7. A pre-labeling model training device, comprising:

the acquisition module is used for acquiring a target annotation category, a target description corresponding to the target annotation category, a model performance parameter and an image sample set; the set of image samples includes at least one image sample; the image sample corresponds to the target annotation class;

The crawling module is used for crawling historical categories similar to the target description in the target classification recognition library by using a text similarity technology, and determining the crawled historical categories as categories to be migrated;

the identification module is used for searching a model to be migrated, which is matched with the category to be migrated and the model performance parameter, from the target classification identification library through a simulated target identification technology, and identifying target areas of the image samples through the model to be migrated;

the fine adjustment module is used for carrying out target fine adjustment on all the target areas to obtain fine adjustment areas corresponding to the image samples, and inputting the image samples, the fine adjustment areas corresponding to the image samples and the target annotation categories into the model to be migrated; the model to be migrated comprises migration parameters;

the migration module is used for obtaining a target labeling area, corresponding to the image sample, of the model to be migrated through extracting the self-adaptive learning target category characteristics of the model to be migrated by using a migration learning technology;

the loss module is used for determining a loss value according to the target labeling area and the fine tuning area corresponding to the image sample;

And the training module is used for iteratively updating the migration parameters of the model to be migrated when the loss value does not reach the preset convergence condition, and recording the model to be migrated after convergence as a pre-labeled model after training is completed when the loss value reaches the preset convergence condition.

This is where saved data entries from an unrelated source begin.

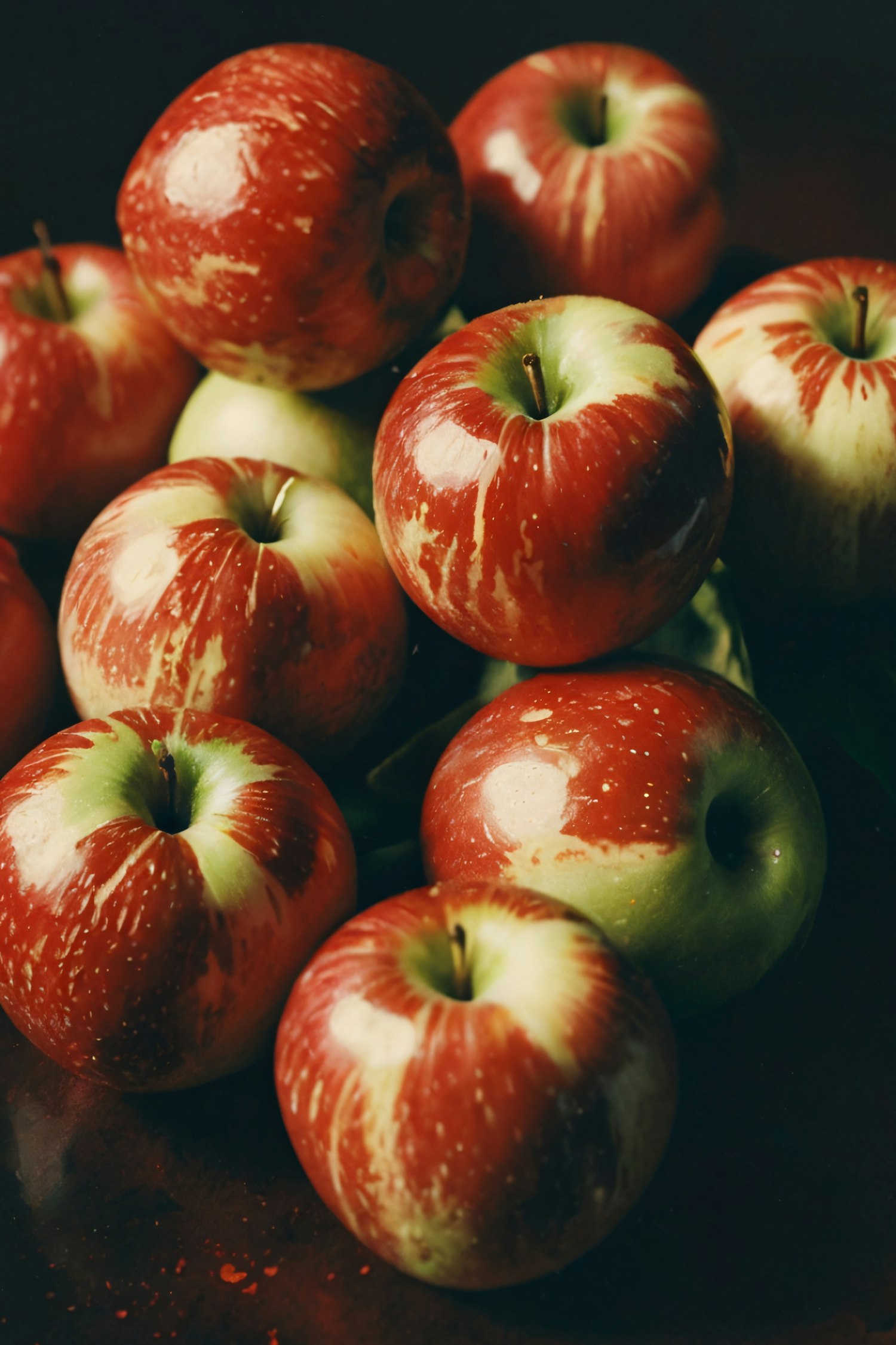 Vibrant red and green apples with glossy skins, arranged in a cluster against a dark background.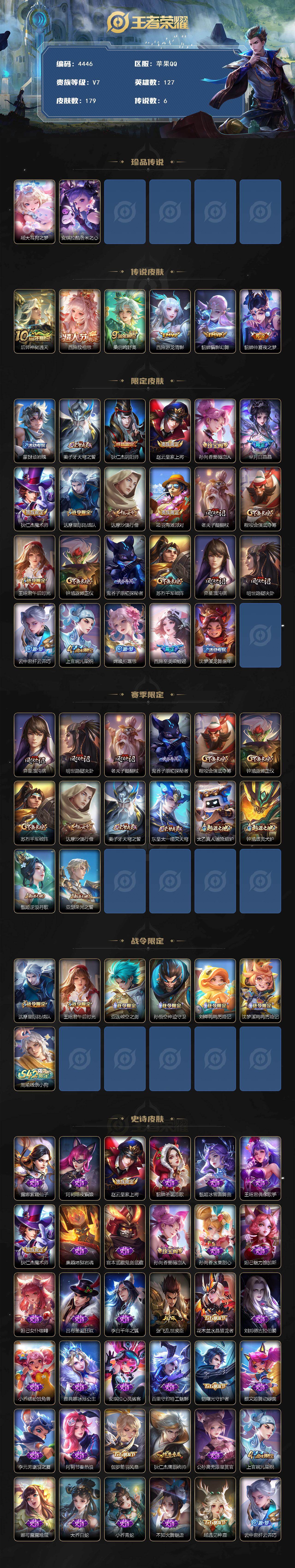 苹果Q-V7-尊贵铂金I段位-127英雄-179皮肤-2珍品传说-6传说-52史诗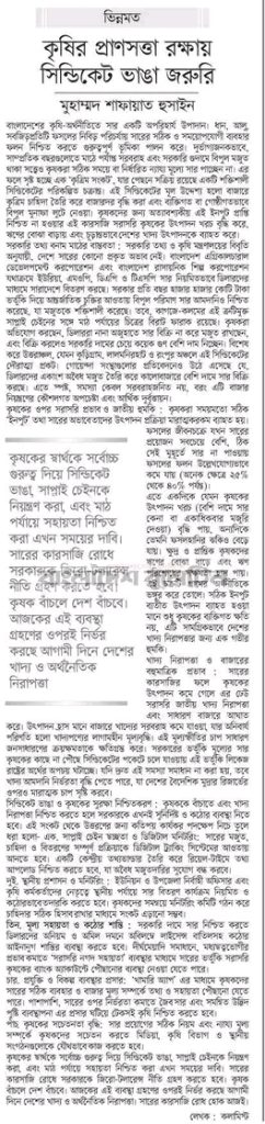 কৃষির প্রাণসত্তা রক্ষায় সিন্ডিকেট ভাঙা জরুরি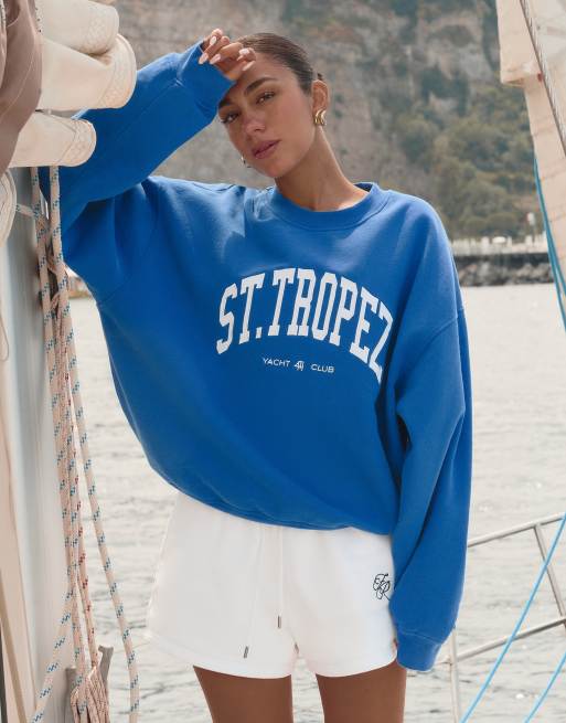 4th & Reckless X Luana Barron - Ines - Sweat avec slogan St.Tropez - Bleu

8. A document pre-labeling apparatus, comprising:

the receiving module is used for receiving the image annotation instruction and acquiring the certificate image in the image annotation instruction;

the marking module is used for inputting the certificate image into the certificate pre-marking model trained by the pre-marking model training method according to any one of claims 1 to 5, extracting the learned certificate characteristics through the certificate pre-marking model, and obtaining a marking result output by the certificate pre-marking model according to the certificate characteristics; the certificate pre-labeling model is a model trained by taking a certificate as a target labeling category, a certificate description as a target description, preset certificate model performance parameters and a certificate photo collected in a history as an image sample set; and marking the region containing the certificate in the certificate image by the marking result.

9. A computer device comprising a memory, a processor and a computer program stored in the memory and executable on the processor, wherein the processor implements the pre-labeling model training method of any of claims 1 to 5 when executing the computer program or the certificate pre-labeling method of claim 6 when the processor executes the computer program.

10. A computer readable storage medium storing a computer program, wherein the computer program when executed by a processor implements the pre-labeling model training method of any of claims 1 to 5, or wherein the processor when executing the computer program implements the certificate pre-labeling method of claim 6.